Officials seek talks with EU over solar trade probe

The European Commission is likely to launch an anti-dumping investigation against China’s solar industry, the China New Energy Chamber of Commerce said on Wednesday as it called for dialogue to settle the dispute.

“The aftermath of Europe’s investigation once launched will be much more severe than the one initiated by the US,” said Liu Hanyuan, vice-president of the chamber, which represents China’s private sector in the field of new energy.

Europe is China’s largest solar market, and accounts for about 70 percent of the global market.

“Meanwhile, China is still importing key equipment for solar-product manufacturing from Germany, as well as polysilicon, a key material in the photovoltaic industry,” Liu said.

China imported 40,000 tons of polysilicon in the first half of the year, an increase of 34 percent and a new high, according to latest figures from the General Administration of Customs.

Germany accounts for 20 percent of the imports.
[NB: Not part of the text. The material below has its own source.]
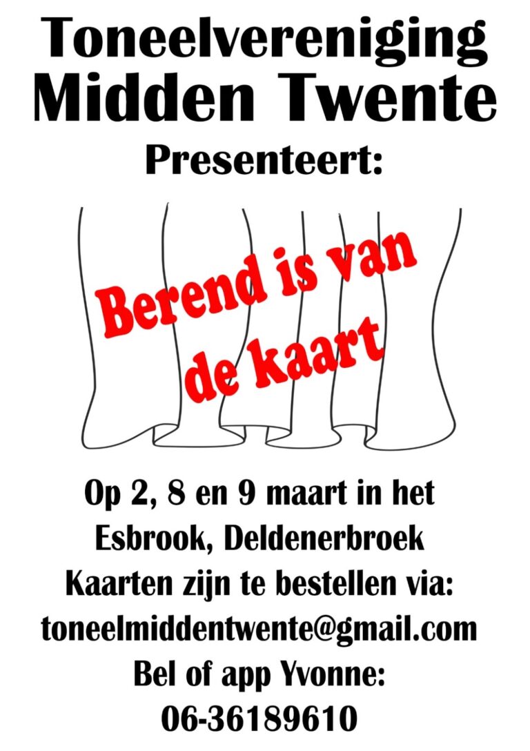 De spelers van Toneelvereniging Midden Twente zijn er weer klaar voor. Op 2, 8 en 9 maart spelen zij het blijspel “Berend is van de kaart”. In dit stuk gaat er natuurlijk weer van alles mis, zijn er misverstanden en is er chaos, wat dan weer resulteert in lachwekkende situaties. Een leuk blijspel wat goed bij Toneelvereniging Midden Twente past.
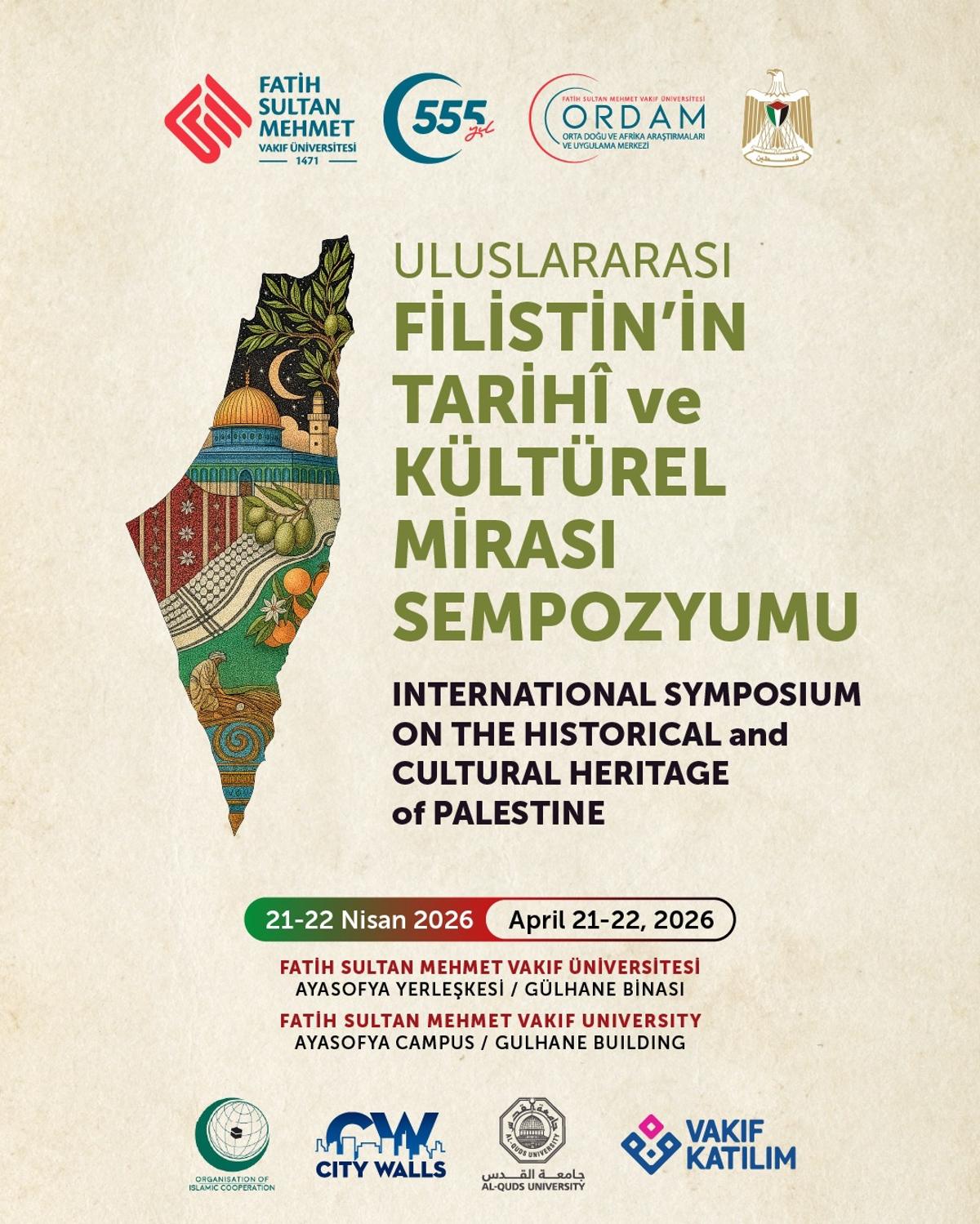 <meta name="description" content="Fatih Sultan Mehmet Vakıf Üniversitesi tarafından düzenlenen “Uluslararası Filistin'in Tarihî ve Kültürel Mirası Sempozyumu”, 21-22 Nisan 2026 tarihlerinde Ayasofya Yerleşkesi Gülhane Binası'nda gerçekleştirilecek." />

Wacker Chemie AG, the Germany-based polysilicon maker and the world’s second-largest, is opposing the filing, which seeks import tariffs on solar goods from China.

“We are convinced that protectionist measures will not help the domestic solar industry, but rather impair the photovoltaic technology’s future prospects,” the company said in a statement.

China is Wacker Chemie’s second-largest market, representing about 20 percent of its global sales in 2011.

There is a 45-day window before the European Commission’s decision to launch an investigation. Two-thirds of that time has passed since German’s SolarWorld AG filed its complaint with the European Commission on July 24.

Facing shrinking overseas market, Chinese companies are changing their strategy. “We are establishing a global manufacturing base outside of China,” said Stephen Cai, CEO of the China Sunergy (Nanjing) Co.

“Other measures include technology advance and cost reduction, in the hope that grid parity can be realized soon.”

Meanwhile, bankruptcy rumors have plagued China’s leading PV makers, including Suntech Power Holdings Co and LDK Solar.

China’s top 10 PV makers have combined debts of $17.5 billion, leading the whole industry to the brink of bankruptcy, according to data from US investment agency Maxim Group.

Based on preliminary results of domestically traded photovoltaic companies for the first half, nearly 80 percent have slashed their earning forecasts.

Liu said the government should change its policy from building the country into the largest solar manufacturing base into a major solar-application market.

China has raised its solar generating target for the Five Year Plan period (2011-15) to 21 gigawatts from 5 gW initially.